*** Source records Section Begins ***
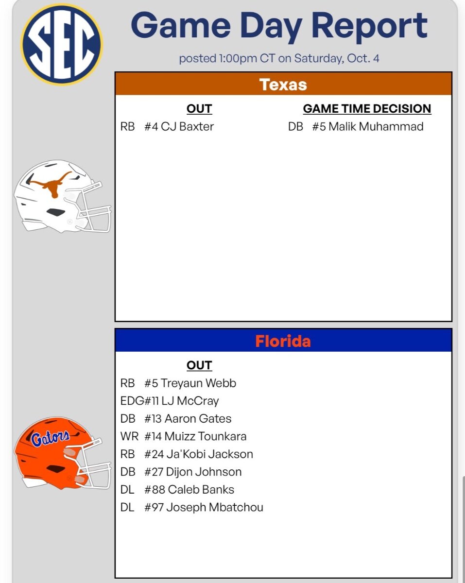 WR Tounkara was added to the OUT for Florida. -
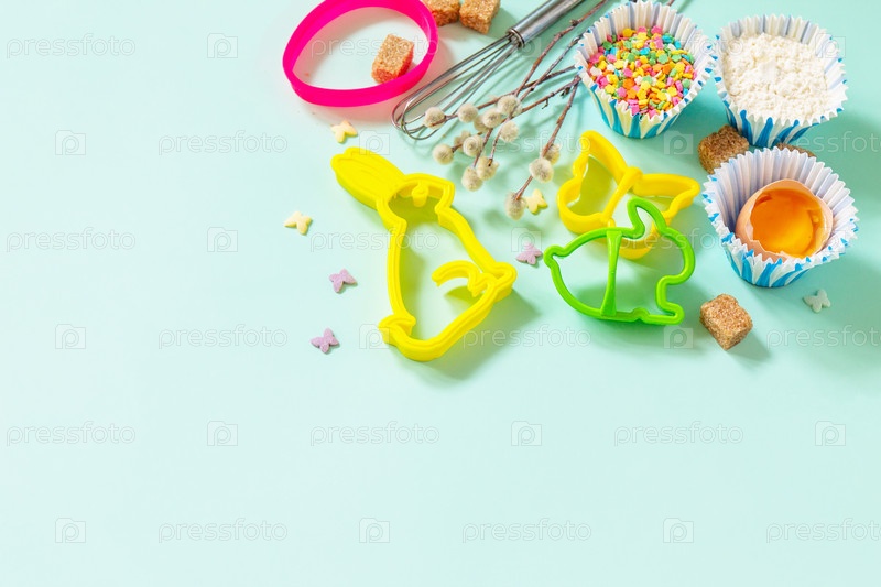Выпечка или приготовление пищи фон. Ингредиенты для праздничной пасхальной выпечки. Кухонная утварь, мука, коричневый сахар, яйца и масло на светло-зеленом фоне. Скопируйте пространство
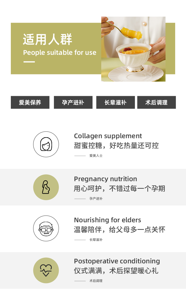 1、需要滋补的女性,有效补充胶原蛋白而且吃后不胖,使肌肤光滑有弹性,孕妇使用可有效滋补,帮助产后恢复。
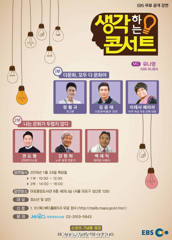 오는 24일(목), 마포구(구청장 유동균) 마포중앙도서관에서 EBS 무료 공개 강연 ‘생각하는 콘서트’가 열린다.
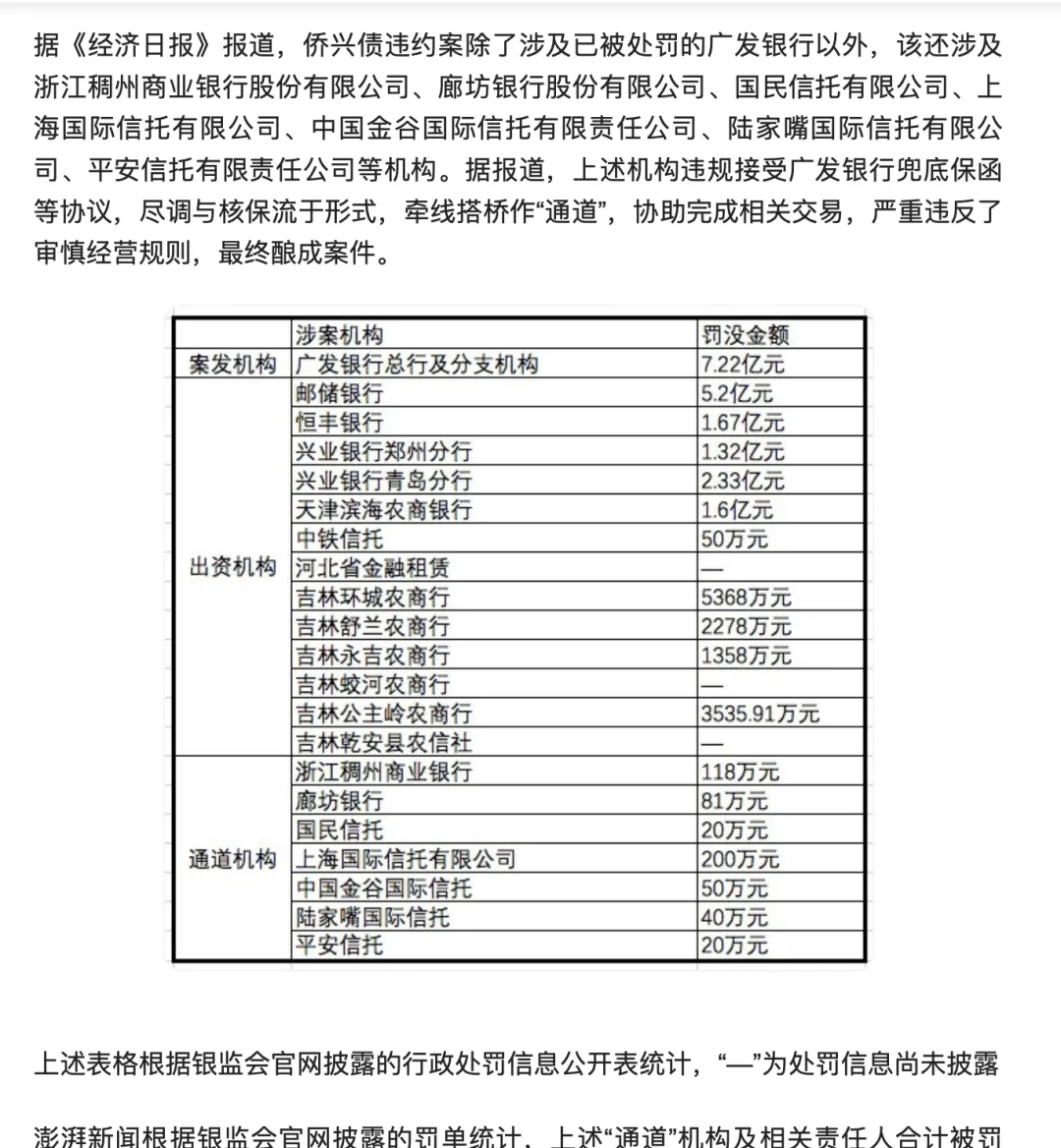 在这一事件中,10多家金融机构拿着广发银行惠州分行出具的托底函,先后向广发银行询问并主张债权。白鹿新闻援引澎湃新闻的早前报道称,据《经济日报》报道,侨兴债违约案除了涉及已被处罚的广发银行以外,该案还涉及浙江稠州商业银行股份有限公司、廊坊银行股份有限公司、国民信托有限公司、上海国际信托有限公司、中国金谷国际信托有限责任公司、陆家嘴国际信托有限公司、平安信托有限责任公司等机构。据报道,上述机构违规接受广发银行兜底保函等协议,尽调与核保流于形式,牵线搭桥作“通道”,协助完成相关交易,严重违反了审慎经营规则,最终酿成案件(如下图)。
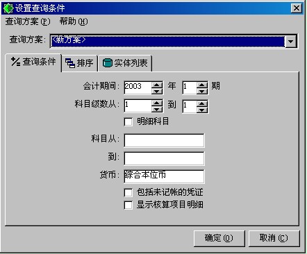 選擇要查詢的試算平衡表的會計(jì)科目級數(shù),系統(tǒng)默認(rèn)為一級科目。用戶可以維護(hù)。 |
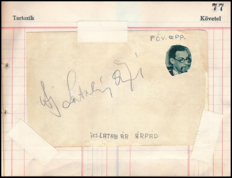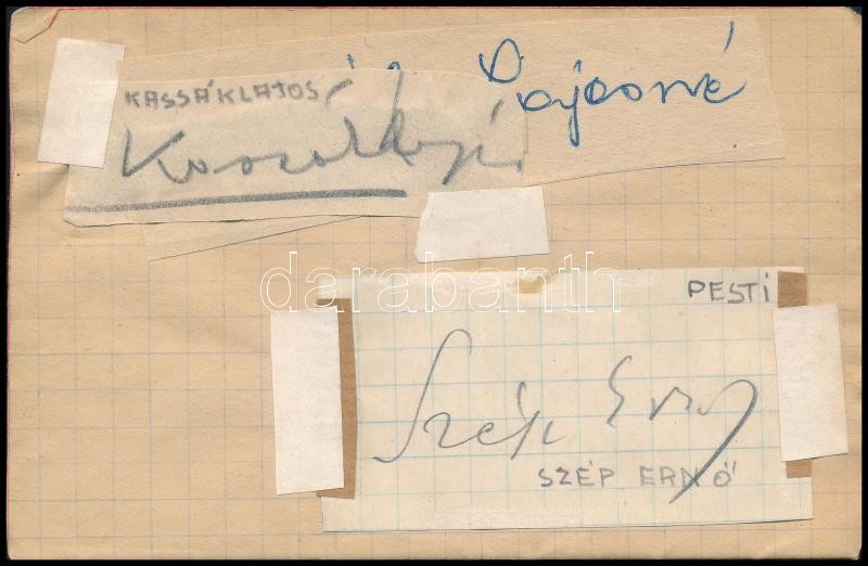 cca 1920-1940 Nagy autogram gyűjtemény, 7 füzetben és 1 borítékban, beragasztott és bírt aláírásokkal, bennük számos nagyon neves vagy ismert művésszel, köztük: Thomas Mann, Jávor Pál, Uray Tivadar, Somlay Arthur, Várkonyi Zoltán, Vaszari János (festő), ifj. Latabár Árpád, Szőke Szakáll, Beregi Oszkár, Basilides Mária, Székely Mihály, Dayka Margit, Pethes Sándor, Gozon Gyula, Tolnay Klára, Kabos Gyula, Páger Antal, Fejtő Ferenc, Baktay Ervin, Mühlbeck Károly, Kassák Lajos, Szép Ernő, Gaál Mózes, Feleky Kamill és mások aláírásaival.
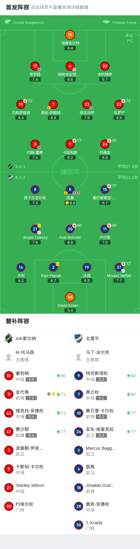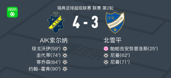 瑞典足球超级联赛第2轮,AIK索尔纳主场迎战北雪平。比赛中,AIK索尔纳的帕帕吉安努普洛斯不慎将球送入自家球门,但琼戈沃伊迅速为球队扳平比分。随后,北雪平的尼曼连入两球,帮助球队取得领先。然而AIK索尔纳并未放弃,圭代蒂、蒂乔森和约翰-霍弗接连进球完成逆转。最终,AIK索尔纳以4-3战胜北雪平。
*** Source records Section Ends ***
What is expected — Repeat exactly the lines above, from the line that contains "Выпечка или приготовление" down through the line that contains "오는 24일(목), 마포구(구청장". Include both of those lines and none of the pictures.

Response to this exercise —
Выпечка или приготовление пищи фон. Ингредиенты для праздничной пасхальной выпечки. Кухонная утварь, мука, коричневый сахар, яйца и масло на светло-зеленом фоне. Скопируйте пространство
 1、需要滋补的女性,有效补充胶原蛋白而且吃后不胖,使肌肤光滑有弹性,孕妇使用可有效滋补,帮助产后恢复。
 오는 24일(목), 마포구(구청장 유동균) 마포중앙도서관에서 EBS 무료 공개 강연 ‘생각하는 콘서트’가 열린다.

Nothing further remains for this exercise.